Saved entries:
━━━
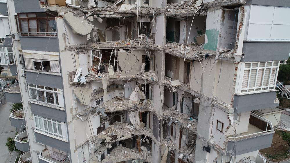 Depremde yarısı yıkılan apartmanın yıkımına başlandı
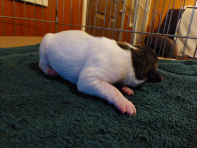 Gus is a big, piebald chocolate male Rat Terrier pup with tan markings. He weighed about 10 oz when he was born, and is now at 11 oz. I’m thinking he may be larger when he matures, possibly 16″ – 17″. This is my husband’s favorite one.
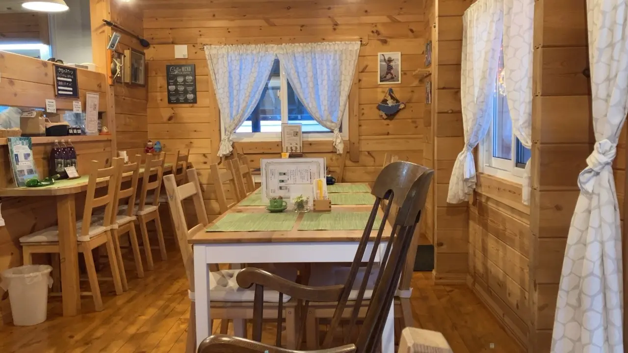 午後1時半頃にお店に着きました。店内はカウンター席が5席、2人がけのテーブル席が一つ、4人がけのテーブル席が一つ、6人がけのテーブル席が一つです。明るくカジュアル、ウッティーな内装で女性に喜ばれそうです。
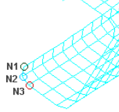 You can change the angle between three nodes/points (where three nodes/points, N1, N2, and N3 define a plane, with N2 as the center) by specifying the three nodes/points and supplying the desired angle. After you have given the new value for the angle, HyperLife Weld Certification moves N3 along the arc formed by swinging N3 around N2, until the angle is equal to the one you specified.
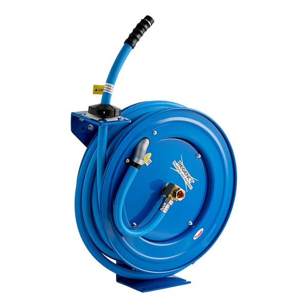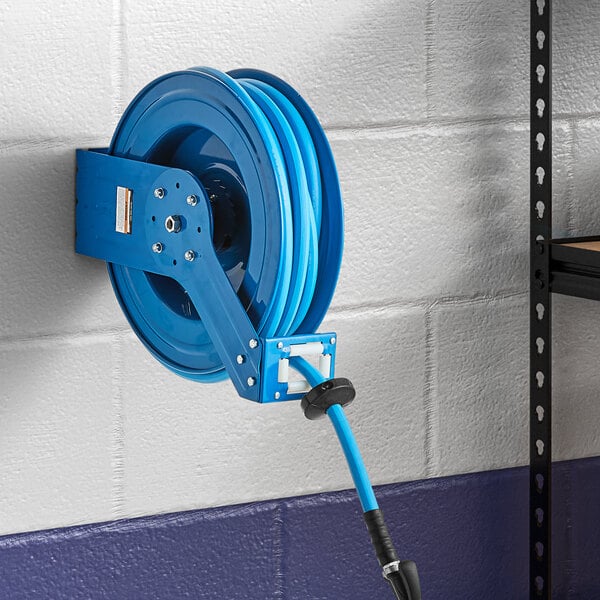 Equip your business with the Regency blue powder-coated steel open hose reel with a 50' hose!
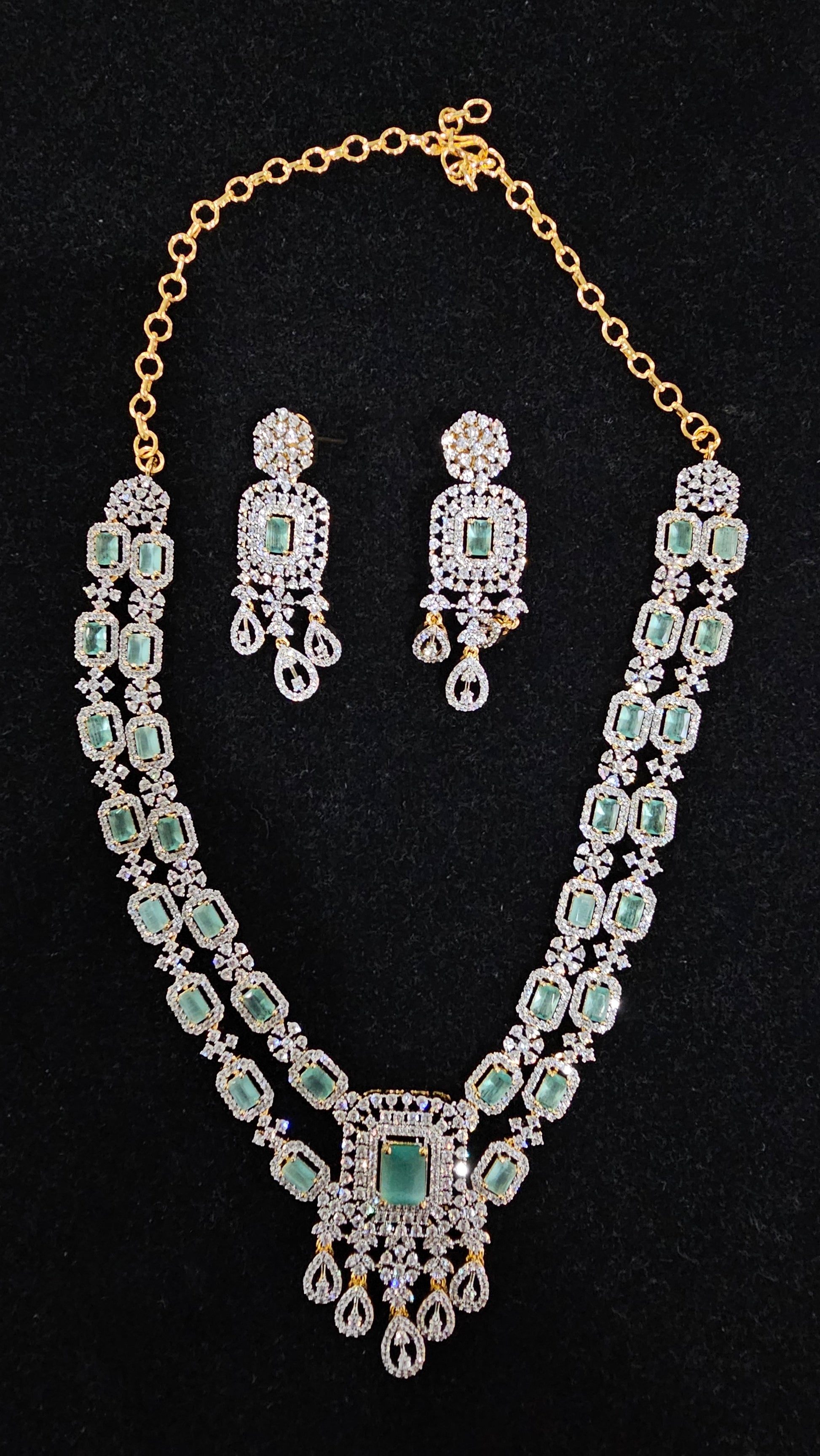 Mid-length CZ Necklace, Earrings set in Mint Green and Peach Colors
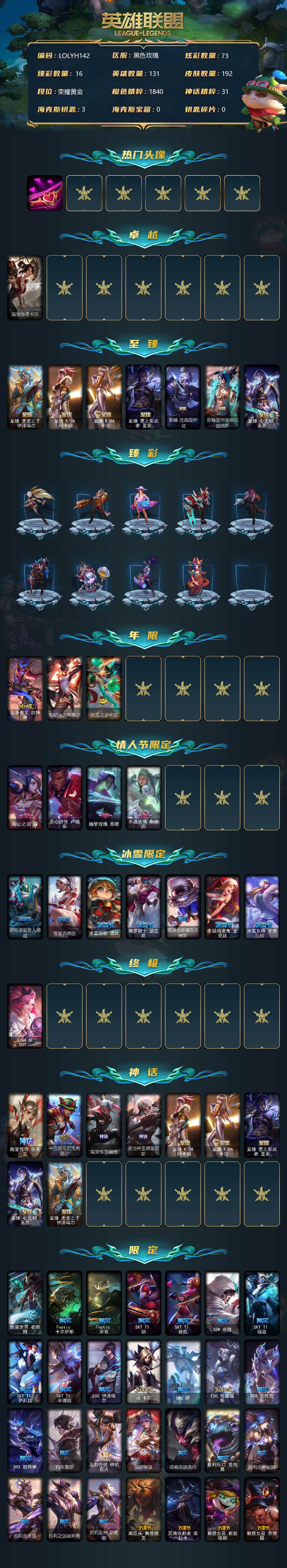 【LOLYH142】131英雄/192皮肤/3终极/11神话/51限定/16臻彩/73炫彩/20传说/13史诗/黄金账号等级:279/爱情之歌头像/殿堂传奇卡莎/至臻天龙之子伊泽瑞尔/至臻KDA阿卡丽/至臻KDA卡莎/至臻墨之影武者亚索/至臻灵魂莲华劫/至臻莲华温泉厄斐琉斯/至臻心之钢永恩/无畏猎手卡莎极境飞跃/无畏游侠卢锡安不败圣枪/泳池派对凯特琳粉红冰川/霸天战士雷恩加尔星啸天火/西部魔影卢锡安贝利尔之怠/玉剑传说无劫胭脂/咖啡甜心璐璐焦糖布丁/星之守护者金克丝黑洞/灵魂莲华卡西奥佩娅流火/海之歌永恩月夜潮汐/殿堂传奇乐芙兰登神/魔女阿卡丽虚荣/魔女阿狸饕餮/水晶玫瑰斯维因纯洁花蕾/玉净夜叉凯特琳/剪纸仙灵希维尔/天龙之子卡莎/甜心之羽霞/觅心游侠卢锡安/幽梦玫瑰泰隆/水晶玫瑰斯维因/邪恶圣诞老人维迦/雪装奈德丽/冰雪驯鹿波比/魄罗骑士瑟庄妮/雪球也能爆炸吉格斯/圣诞捣蛋鬼金克丝/冰雪女神辛德拉/KDAALLOUT萨勒芬妮独立音乐人/殿堂传奇乐芙兰/十五周年纪念希维尔/殿堂传奇薇恩/圣洁神王德莱厄斯/地底世界崔斯特/Fnatic卡尔萨斯/Fnatic库奇/SKTT1劫/SKTT1婕拉/SSW泰隆/SKTT1瑞兹/SKTT1伊莉丝/SKTT1辛德拉/SSG伊泽瑞尔/iG卡莎/DWG烬/EDG格雷福斯/DRX亚托克斯/DRX凯特琳/T1韦鲁斯/玉剑传说神机花火/女帝格温/暗裔英雄盖伦/胜利巨口克格莫/胜利女神娑娜/胜利剑圣易/胜利之运崔斯特/胜利女神菲奥娜/南瓜头费德提克/灵魂收割者索拉卡/魅惑女巫崔丝塔娜/魅惑女巫奈德丽/泳池派对布隆/泳池派对厄运小姐/泳池派对格雷福斯/泳池派对凯特琳/泳池派对瑟提/勇者奈德丽/斗魂觉醒伊芙琳/海之歌艾希/海之歌永恩/钢铁之翼凯尔/合金巨兽努努和威朗普/西部天使艾希/战地巨兽科加斯/电玩女神娑娜/女主播迦娜/花仙女王卡尔玛/女帝卡特琳娜/源计划泯灭雷克顿/星之守护者阿卡丽/暗星女王拉克丝/偶像歌手阿狸/灵魂莲华阿狸/神王德莱厄斯/心之钢凯隐/星之守护者金克丝/西部天使赛娜/西部魔影卢锡安/真实伤害艾克/暗星锤石/掠星魔刃卡萨丁/寒冰女皇迦娜/至高之拳李青/军神战甲波比/冰川勇者伊泽瑞尔/刺客信条锐雯/死亡绽放卡兹克/源代码丽桑卓/源计划风亚索/黑帮狂花金克丝/源计划雷卢锡安/源计划阴劫/幽冥领主阿兹尔/孤胆英豪嘉文四世/西部牛仔崔斯特/深潜蛙人古拉加斯/宗师级锻造训练师/风执事加里奥/太空律动万能舞王崔斯特/星之守护者COS厄加特/咖啡甜心弗拉基米尔/食日天使凯尔/无极执事易/黯晶巨牛阿利斯塔/美国大叔瑞兹/沙之守护瑞兹/伏虎之力希维尔/莲华温泉提莫/灵魂莲华崔丝塔娜/古神沃里克/神龙尊者苍龙艾希/宗师级钓鱼训练师贾克斯/玉剑传说苍鸾/KDA伊芙琳/糖果大战伊芙琳/黑夜使者伊芙琳/屠龙勇士图奇/健美教练蒙多/五杀摇滚III遗失的章节娑娜/星之守护者娑娜/源计划正义艾瑞莉娅/黎明使者迦娜/柯基库奇/宇航员维迦/绝息圣堂魔腾/猛龙雷克顿/黑夜使者嘉文四世/黑色玫瑰假面舞会伊莉丝/战斗学院孙悟空/灵魂莲华薇恩/灵魂莲华卡西奥佩娅/黑夜使者内瑟斯/西部魔影古拉加斯/暗星莫德凯撒/宇航员凯南/战斗学院蕾欧娜/小蜜蜂玛尔扎哈/虚空执事玛尔扎哈/小蜜蜂克格莫/电格莫/主治医师慎/荣誉使者慎/青花瓷拉克丝/KDA阿狸/魔女阿狸/战斗教授格雷福斯/莲华温泉沃利贝尔/猎户星神韦鲁斯/净雪之月韦鲁斯/造物主维克托/源计划统帅瑟庄妮/糖果女巫璐璐/邪恶女巫璐璐/破败军团德莱文/魂蔷薇德莱文/奥德赛卡兹克/战斗学院杰斯/黑潮黛安娜/女帝黛安娜/圣龙奥瑞利安索尔/魔女婕拉/KDA卡莎/墨之影武者卡莎/幽梦玫瑰泽丽/奥德赛金克丝/秩序之舌塔姆/福牛守护者佛耶戈/夺命前锋卢锡安/未来战士艾克/星之守护者艾克/永恒之森阿兹尔/战斗校长悠米/太空律动音浪狂舞莎弥拉/黯晶巨兽雷克塞/宇航员艾翁/比翼之心霞/太空律动创乐之神奥恩/嘟嘟奥恩/弗雷尔卓德塞拉斯/源计划逆流塞拉斯/黑夜使者厄斐琉斯/灵魂莲华厄斐琉斯/女帝芮尔/神龙尊者炎龙瑟提/魔域梦魇烈娜塔/魔女尼菈/心之钢奎桑提/斗魂觉醒纳亚菲利【按大区: 电信】
━━━
▶ _TASK PROMPT_: Reproduce the records above exactly, but only from the line with "Equip your business" up to and including the line with "Mid-length CZ Necklace, Earrings". Leave the pictures out.

▶ _SOLUTION TO THIS PROBLEM_:
 Equip your business with the Regency blue powder-coated steel open hose reel with a 50' hose!
 Mid-length CZ Necklace, Earrings set in Mint Green and Peach Colors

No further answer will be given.